Industry: Supply Chain

Knowledge graphs for supply chain.

Supply chain knowledge graphs that quantify recall exposure in hours instead of weeks, surface tier 3 concentration risks invisible to procurement dashboards, and give ESG reports fact level lineage back to supplier disclosures. Multi tier visibility, sanctions screening, and grounded buyer assistants on GS1, GDSN, and SCOR.

Your supply chain is a graph. Your tools are treating it like a spreadsheet.

Direct Supplier Visibility Isn't Enough Anymore

Every disruption of the last five years (from pandemic port closures to single supplier semiconductor shocks) exposed the same gap: enterprises can see their direct suppliers, but cannot walk beyond them. When a tier 3 supplier goes offline, procurement finds out from the news.

A Graph Turns the Network Into Queries

A knowledge graph fixes this at the data layer. Suppliers, parts, products, shipments, tariffs, sanctions, and ESG disclosures all become nodes and edges. Recall exposure that took weeks to reconstruct takes seconds. Concentration risks that lived in a supply chain analyst's head become queries anyone can run.

Why AI Assistants Compound the Value

Once the graph exists, planners and buyers get grounded assistants: answers about supplier alternatives, past PO history, or ESG exposures cite the specific supplier scorecard or contract clause the answer came from. Same substrate, different retrieval layer.

Six proven supply chain use cases

01

Multi tier supplier visibility

Model your extended supply network (direct suppliers, their suppliers, and beyond) as a graph.

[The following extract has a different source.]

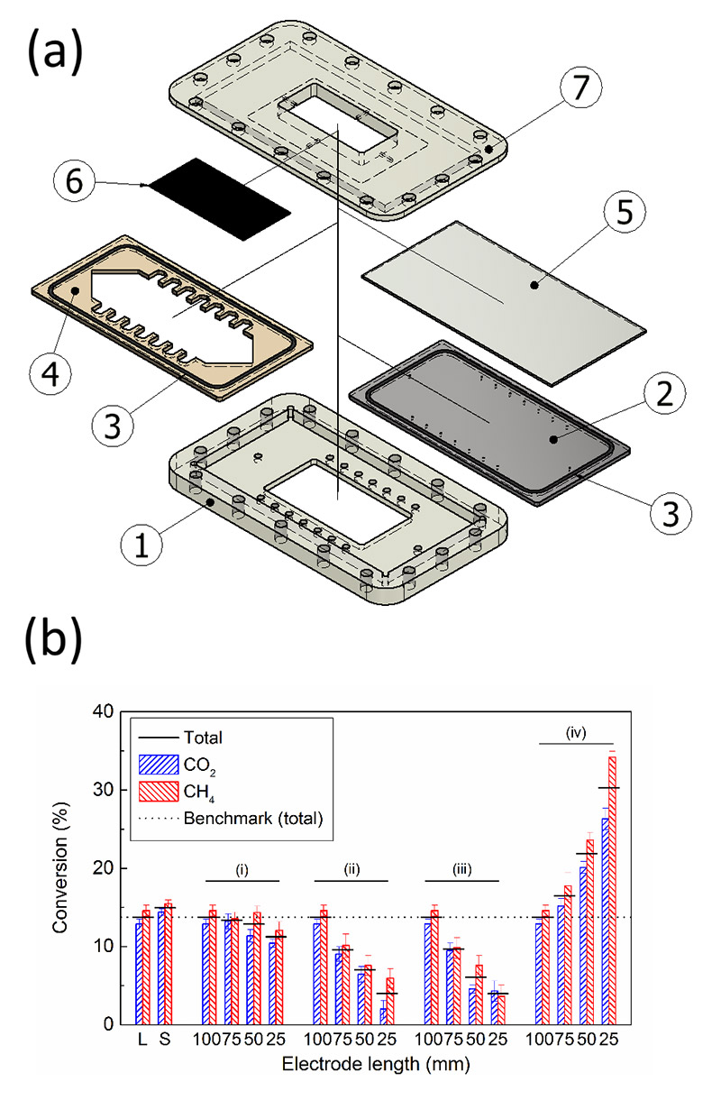 DBD plasma reactors are commonly used in static ‘one inlet – one outlet’ design that goes against reactor design principles for multi-component reactions, such as dry reforming of methane (DRM). We have developed a novel reactor design, and investigated how the shape and size of the reaction zone, as well as gradual gas addition, and the method of mixing CO2 and CH4 can influence the conversion and product composition of DRM. Even in the standard ‘one inlet – one outlet’ design, the direction of the gas flow (i.e., short or long path through the reactor, which defines the gas velocity at fixed residence time), as well as the dimensions of the reaction zone and the power delivery to the reactor, largely affect the performance. Using gradual gas addition and separate plasma activation zones for the individual gases give increased conversions, by optimizing mixing ratios and kinetics. The choice of the main (pre-activated) gas and the direction of gas flow largely affect the conversion and energy cost, while the gas inlet position during separate addition only influences the product distribution.

Answer 'which of my products depend on a single tier 3 source' before that supplier disrupts.

  • Discover tier 2 and tier 3 concentration risks invisible to procurement dashboards
  • Map dual source and single source status at part level, not just supplier level
  • Faster response when a geopolitical or ESG event hits a specific region

02

Part to recall traversal

When a component is recalled, trace it through every product, batch, and customer shipment in seconds: not the weeks a spreadsheet reconciliation takes.

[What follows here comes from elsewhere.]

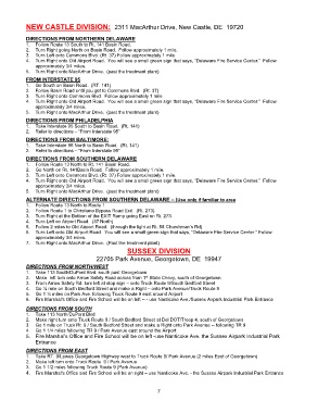 DIRECTIONS FROM SOUTHERN DELAWARE

  • Recall exposure quantified in hours, not weeks
  • Downstream customer notifications generated from graph queries
  • Audit ready lineage for regulators and insurers

03

Sanctions and trade compliance screening

Transitive screening across suppliers, beneficial owners, and vessels catches indirect exposures that name only lists miss: critical under OFAC, EU sanctions, and export control regimes.

  • Catch shell company and beneficial ownership evasions
  • Continuous re screening as lists and ownership change
  • Explainable results: the exact path that triggered a flag

04

ESG and Scope 3 lineage

Emissions, labour, and provenance data attached to nodes and rolled up through the network. Every reported ESG figure links back to the specific supplier disclosures that fed it.

  • Defensible Scope 3 reporting against CSRD, SEC climate rules, and voluntary frameworks
  • Supplier level intervention prioritization based on graph impact
  • Buyer facing product level footprint queries

05

Demand signal propagation

A change in downstream demand or a disruption at one node propagates through the graph to show which suppliers and inventories are affected: before the ripple hits your production line.

  • Earlier detection of bullwhip effects
  • Automated re planning proposals grounded in real network topology
  • Better inventory position decisions

06

GraphRAG for buyer and planner assistants

Ground an LLM assistant in the supply chain graph plus contracts, SOPs, and supplier scorecards. Answers cite the specific supplier, contract clause, or purchase order they used.

  • Faster buyer research and RFQ preparation
  • Grounded answers to 'why is this order late' and 'what are our alternatives'
  • Reduced onboarding time for new planners

Frequently asked questions

How do you get multi tier data: suppliers don't share their suppliers.+

Combination of your direct data (POs, ASNs, contracts), supplier self disclosure programs, third party data providers (Interos, Everstream, Sayari, S&P), customs and bill of lading feeds, and inferred edges from public disclosures and news. The graph makes the inferred vs verified provenance of each edge explicit so you know how much to trust it.

How does this integrate with our ERP and PLM?+

We ingest from SAP, Oracle, Infor, Microsoft Dynamics, and PLM systems (Teamcenter, Windchill, Enovia) via standard connectors or change data capture. The graph is a semantic layer over them: nothing is replaced.

Which industry standards do you align to?+

GS1 (GTIN, GLN, SSCC), GDSN for master data, SCOR for process modelling, PLIB for parts libraries, and industry specific ontologies (IATA for cargo, GS1 Healthcare, IPC for electronics).

What about IoT and real time telemetry?+

Time series data lives in its native store (Timescale, InfluxDB); the graph holds the asset topology and references the time series ranges. Queries that mix 'which asset' with 'what happened when' hop between both.

What's a realistic first engagement?+

A 6 week multi tier visibility pilot over one product family with your existing direct supplier data plus one third party dataset is a common start. Recall traversal and ESG lineage are usually phase 2 once the underlying graph exists.